There are several loopholes described below that are being exploited by unscrupulous operators at General Aviation (GA) airports. A trial in Boulder County, Colorado earlier this year brought these issues into sharp focus, and clearly documented how the system is being exploited for personal gain by a skydiving operator based out of Vance Brand Airport, an FAA grant-funded GA airport in a residential area of Longmont, CO. For your reference, I’ve attached the summary “Statements of Facts” for both the plaintiffs (link) and the defense (link) as well as the judgment of the court (link) to show how the “line of least resistance” interpretation of the FAA rules were used by the defense and the court to decide in favor of the skydiving operator with no room for accommodating the needs of local residents, and at great cost to the quality of life in surrounding neighborhoods many of which are more than 5 miles away from the airport.

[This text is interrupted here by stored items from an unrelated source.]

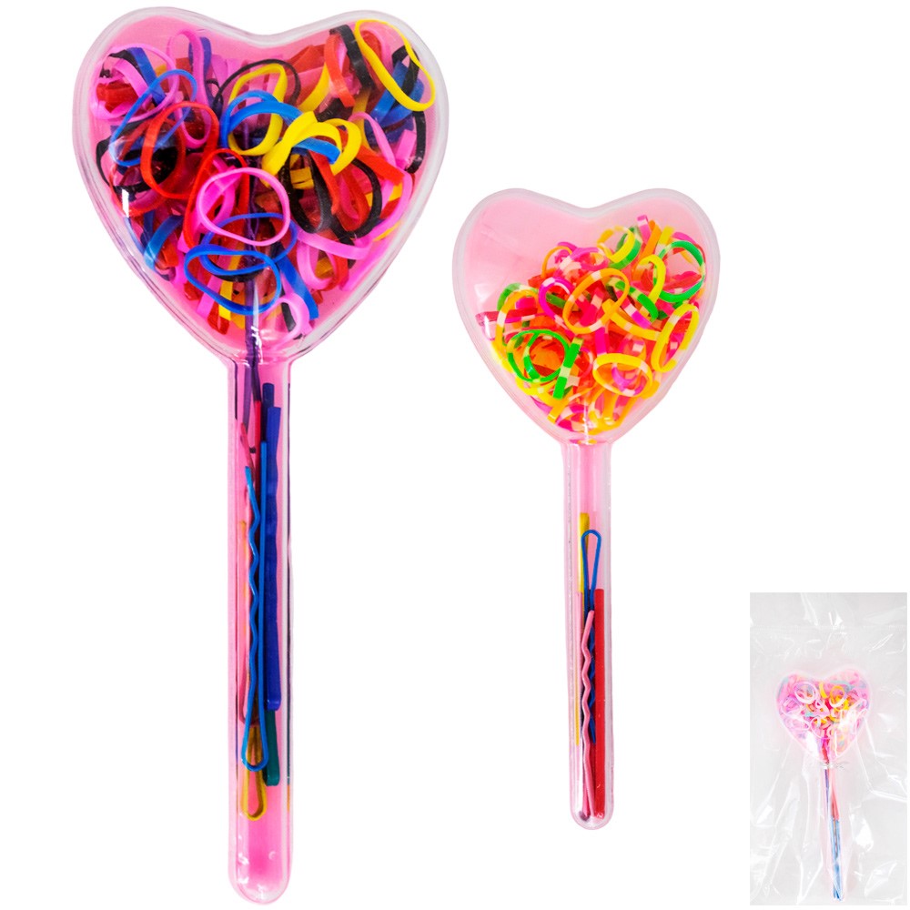 Набор разноцветных резиночек и невидимок подойдет для создания простых и сложных причесок. Для девочек и женщин. Также набор резинок подойдет для рукоделия, что развивает моторику рук. В комплекте идет кейс необычной формы-сердечко на палочке.
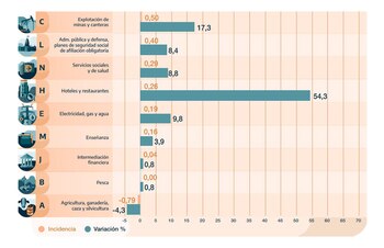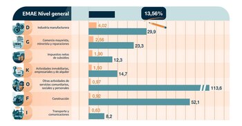 Otra manera de entender parte de los números pronunciados de incremento de actividad de todos esos rubros se ve a través de las caídas interanuales que tuvieron en mayo de 2020, lo que bajó la base de comparación. Hoteles y restaurantes se desplomó 72%, seguido por Otras actividades (-70%), Construcción (-50%), Industria manufacturera (-25%), Comercio (-21,4%) y Transporte y comunciaciones (-21,3 por ciento).
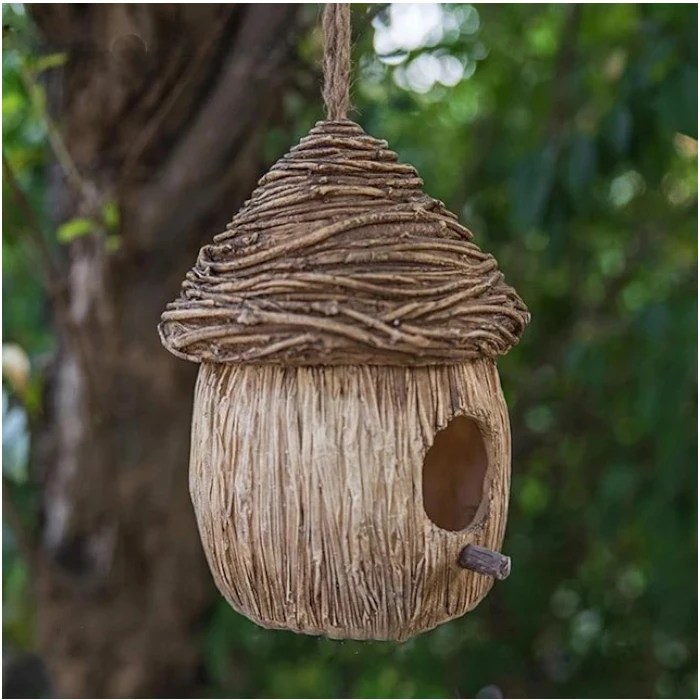 Made from eco-friendly ceramic with realistic bark and twig-like detailing, it provides a cozy shelter for small birds while doubling as a charming garden accent.
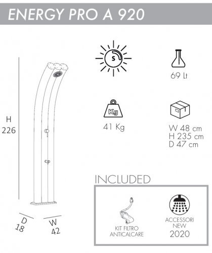 Energy Pro вершиной дизайна уличных душей. Он идеально подходит для сада, бассейна, пляжного домика или пристани для яхт. Душ оснащен баком для воды на 69 л и способен обеспечивать бесконечное теплое водоснабжение. В нижней части корпуса душа находится дополнительный кран, который удобно использовать для мытья ног. Таким образом, душ пригоден для использования в общественных местах: гостиницы, спа-салоны, фитнес-центры, кемпинги, туристические или пляжные курорты, или для частного использования.
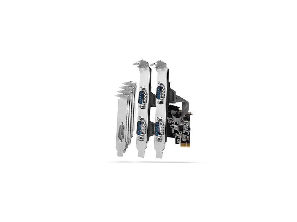 PCI-Express karta so štyrmi sériovými portami 250 kbps. ASIX AX99100. Standard & Low profile. Vstup rozhranie PCI-Express 2.0 počet liniek 1-Lane (x1) rýchlosť 5 Gbit/s kompatibilita PCI-Express 1.0a / 1.1 / 2.1 / 3.0 kompatibilita x1 / x4 / x8 / x16 PCIe slot Výstup rozhranie sériové RS-232 rýchlosť max. 250 kbit/s počet portov 4 konektor 4x DB9 samec kompatibilita UART 16C950 / Extended 16C550 / 16C550 Podporované vlastnosti nastaviteľné riadenie toku Xon / Xoff, Hardware, None nastaviteľná dĺžka slová 5 / 6 / 7 / 8 / 9 b nastaviteľná parita Even, Odd, None, Mark, Space / 1, 1.5, 2 stop bits Plug and Play áno Ďalšie vlastnosti buffer áno (FIFO odosielacie 256B / prijímacie 256B pre každý port) standard profile áno low profile áno čipset ASIX AX99100 Napájanie po zbernici PCI-Express bus power Podpora OS MS Windows 10 / 8.1 / 8 / 7 / Vista / XP MS Windows Server 2016 / 2012 / 2008 / 2003 Linux 2.6.11 jadro a vyššieDodatočné parametre
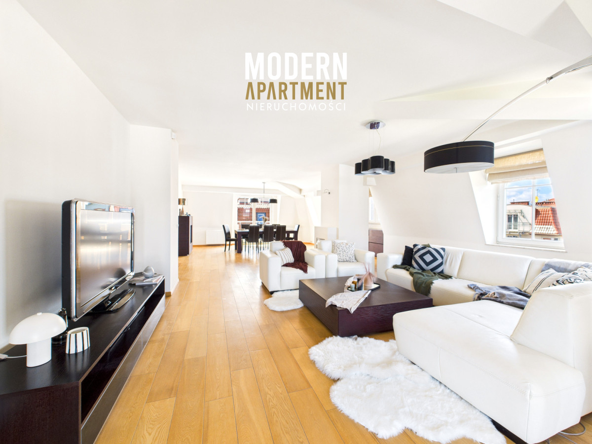 Prezentowany apartament o powierzchni 178 m², zajmuje całe ostatnie piętro prestiżowej inwestycji Kamieniczki Sopockie przy ul. Władysława Łokietka w Sopocie. Najważniejsze atuty to pełna prywatność, niesamowita przestrzeń starannie zaprojektowana, mnóstwo światła dzięki oknom wychodzącym na 3 strony świata oraz piękne widoki dostępne m.in. dzięki 6 balkonom. Apartament jest w całości wyposażony w wysokiej jakości meble oraz sprzęt AGD.
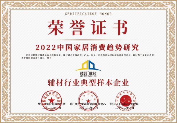 精诚的品质、优异的服务和开拓进取的精神,让楼邦建材在辅材行业竖起了标杆,并赢得广大消费者和业内人士的赞誉和好评,荣获“2022中国家居消费趋势研究辅材行业典型样本企业”和“2022消费趋势研究消费者喜欢的瓷砖背胶品牌”。作为一家优秀的民族建材行业化工品牌,期待楼邦继续恪守“解决天下人因掉砖掉石带来的痛苦”的企业使命,以客户服务为中心,提供更多绿色、环保、安全、高效的辅材产品。
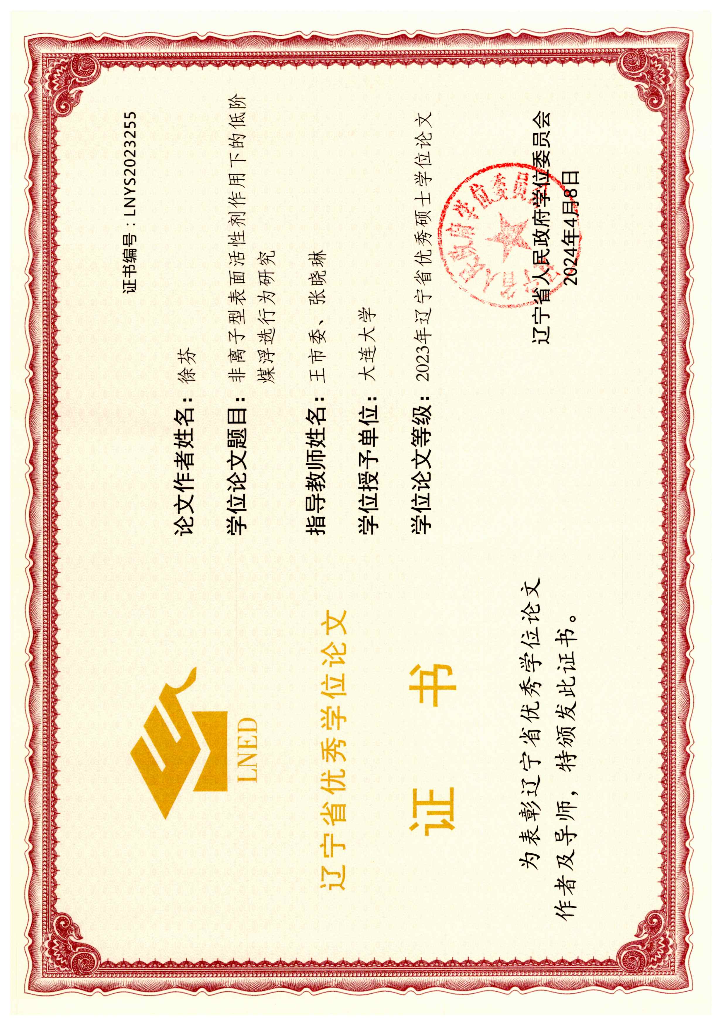 王市委指导的联合培养研究生毕业论文被评为辽宁省优秀毕业论文
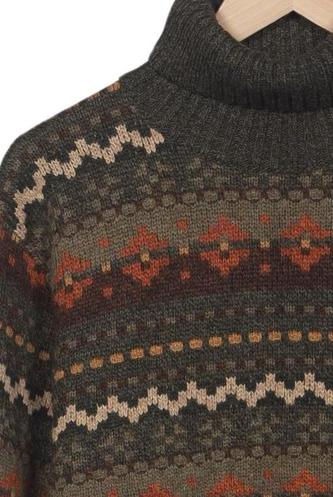 | Details | Grobstrick, Langarm, Rollkragen, Ethno |
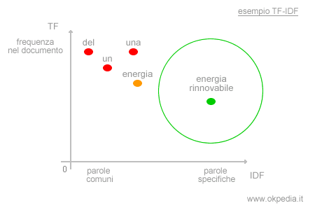 In un documento con cento parole la parola "energia rinnovabile" è presente con 5 occorrenze, è ripetuta cinque volte nel testo. Il suo valore TF è pari a 0,05.
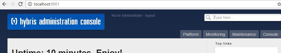 Step 6: Go to browser and type http://localhost:9001 and PRESS enter key. Open Hybris administrative console.
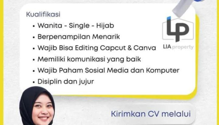 Mencari karir di bidang administrasi dan marketing yang dinamis? Lia Property membuka peluang emas bagi Anda untuk bergabung sebagai Admin Marketing. Jika Anda seorang wanita yang berpenampilan menarik, menguasai media sosial dan editing video, serta memiliki jiwa yang jujur dan disiplin, ini adalah saat yang tepat untuk menunjukkan potensi terbaik Anda. Bergabunglah dengan kami dan kembangkan karir profesional Anda di lingkungan kerja yang produktif.
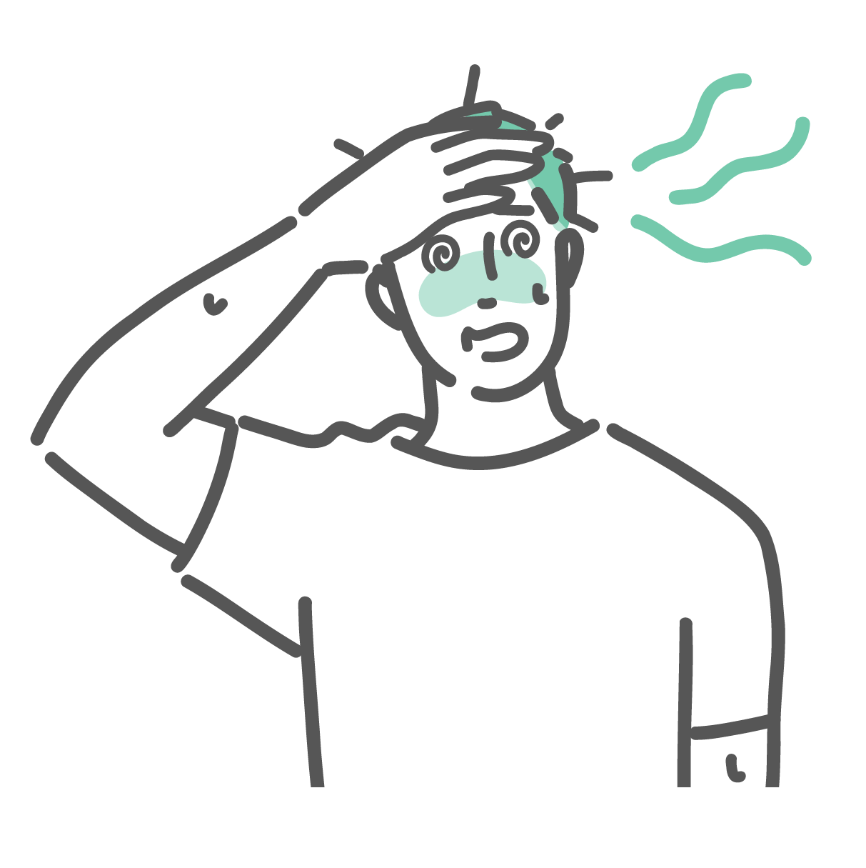 季節・アレルギー症状 熱中症による発汗・高熱(ほてり)で苦しむ男性のイラスト
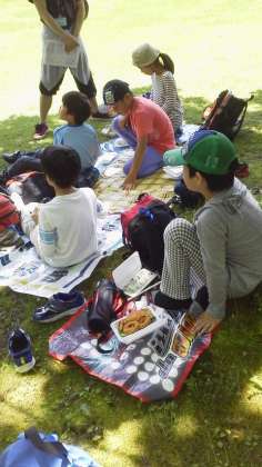 ハイキングを終えて、お弁当の時間です。みんな夢中で食べています。頑張ったから、お腹が空きましたね。

One of the biggest problems arises from some of the vague and ill-defined language in the FAA’s forty-year-old “1976 Aviation Noise Abatement Policy”, which states in part:

“Airport Proprietors are primarily responsible for planning and implementing action designed to reduce the effect of noise on residents of the surrounding area. Such actions include optimal site location, improvements in airport design, noise abatement ground procedures, land acquisition, and restrictions on airport use that do not unjustly discriminate against any user, impede the federal interest in safety and management of the air navigation system, or unreasonably interfere with interstate or foreign commerce.”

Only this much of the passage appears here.